The developer of that parcel has submitted to the city a conceptual site plan showing 138 single-family detached homes on lots of at least 6,000 square feet, with five stormwater ponds and a series of preservation areas along the development's eastern side. 

The property was annexed from Flagler County into the city of Palm Coast in 2015, retaining is Flagler County zoning designations of industrial and Planned Unit Development.

The city planning board's decisions on Oct. 20 granted the property a city zoning designation of single-family residential.

The change reflects market demand for more residential development, said Jordan Myers, Palm Coast's environmental planning technician.

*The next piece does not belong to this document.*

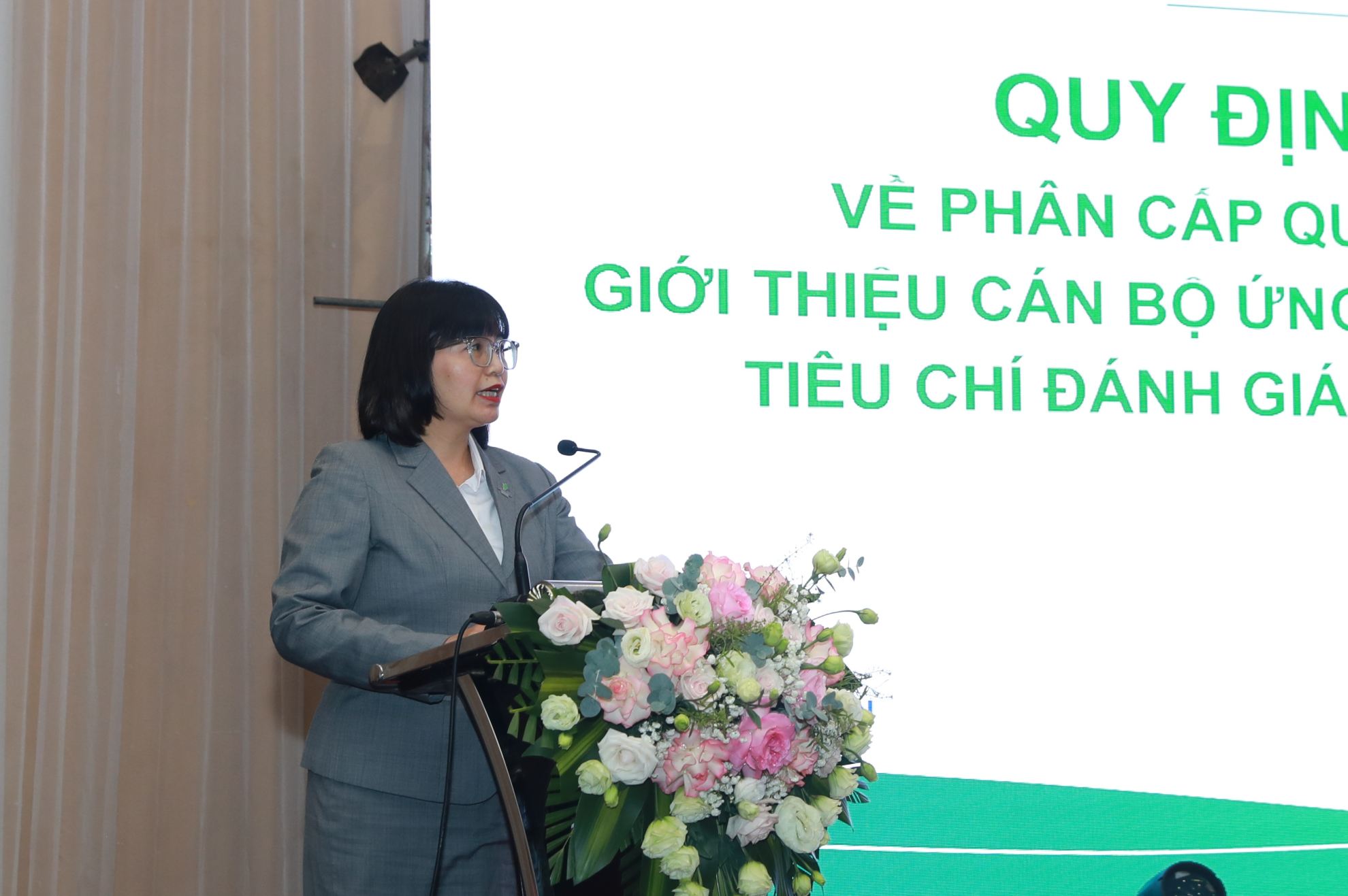 Bà Đỗ Thái Hằng – Trưởng Ban Quản trị Nguồn nhân lực trình bày tại Hội thảo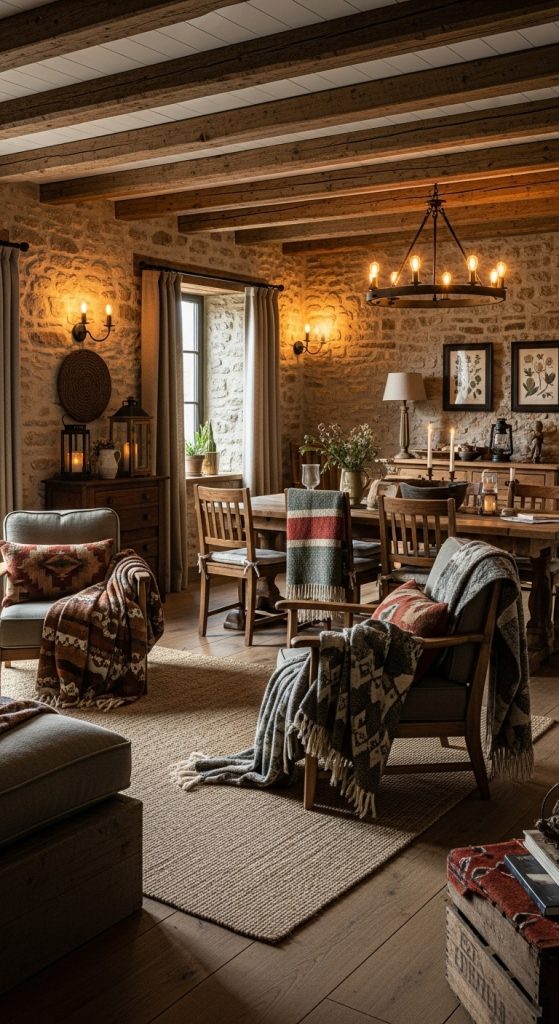 Rustic interior design emphasizes natural beauty, warmth, and a connection with the outdoors. It often incorporates raw materials such as wood, stone, leather, and metal. Furniture is sturdy, handcrafted, and functional, with a focus on comfort. The color palette includes earthy tones like browns, beiges, greens, and deep reds. Textures play an important role, with rough wood, woven fabrics, and exposed stone walls adding character and charm. Rustic design celebrates imperfection, highlighting natural materials and handmade dรฉcor. To prepare for a rustic makeover, start by selecting furniture and materials that reflect natural beauty and durability. Incorporate reclaimed wood, vintage pieces, and handmade accessories for authenticity. Use earthy colors as a base, complemented by warm accent tones. Layer textures with rugs, cushions, and throws to create cozy spaces. Lighting should be soft and warm, using lanterns, pendant lights, or wrought iron fixtures. Rustic design suits individuals who appreciate nature, craftsmanship, and a cozy, inviting home environment. It creates spaces that feel grounded, timeless, and welcoming, offering a sense of calm and comfort.

The Grand Reserve East property south of the Boston Whaler plant. Image courtesy of the city of Palm Coast
The Grand Reserve East property south of the Boston Whaler plant. Image courtesy of the city of Palm Coast

The other property is called Grand Reserve East, and is south of the Boston Whaler facility. It's about 141.5 acres and was also annexed from Flagler County to the city of Palm Coast, but more recently — in August of this year.

The city planning board voted 5-0 to approve the developer's application to set the property's zoning designation as single-family residential and preservation, and its Future Land Use Map designation as residential and conservation.

The planning board also approved a developer-proposed policy to limit development on the Grand Reserve East parcel to 217 units — a decrease from the previous maximum of 300 units that had been approved when the property was in the county's jurisdiction.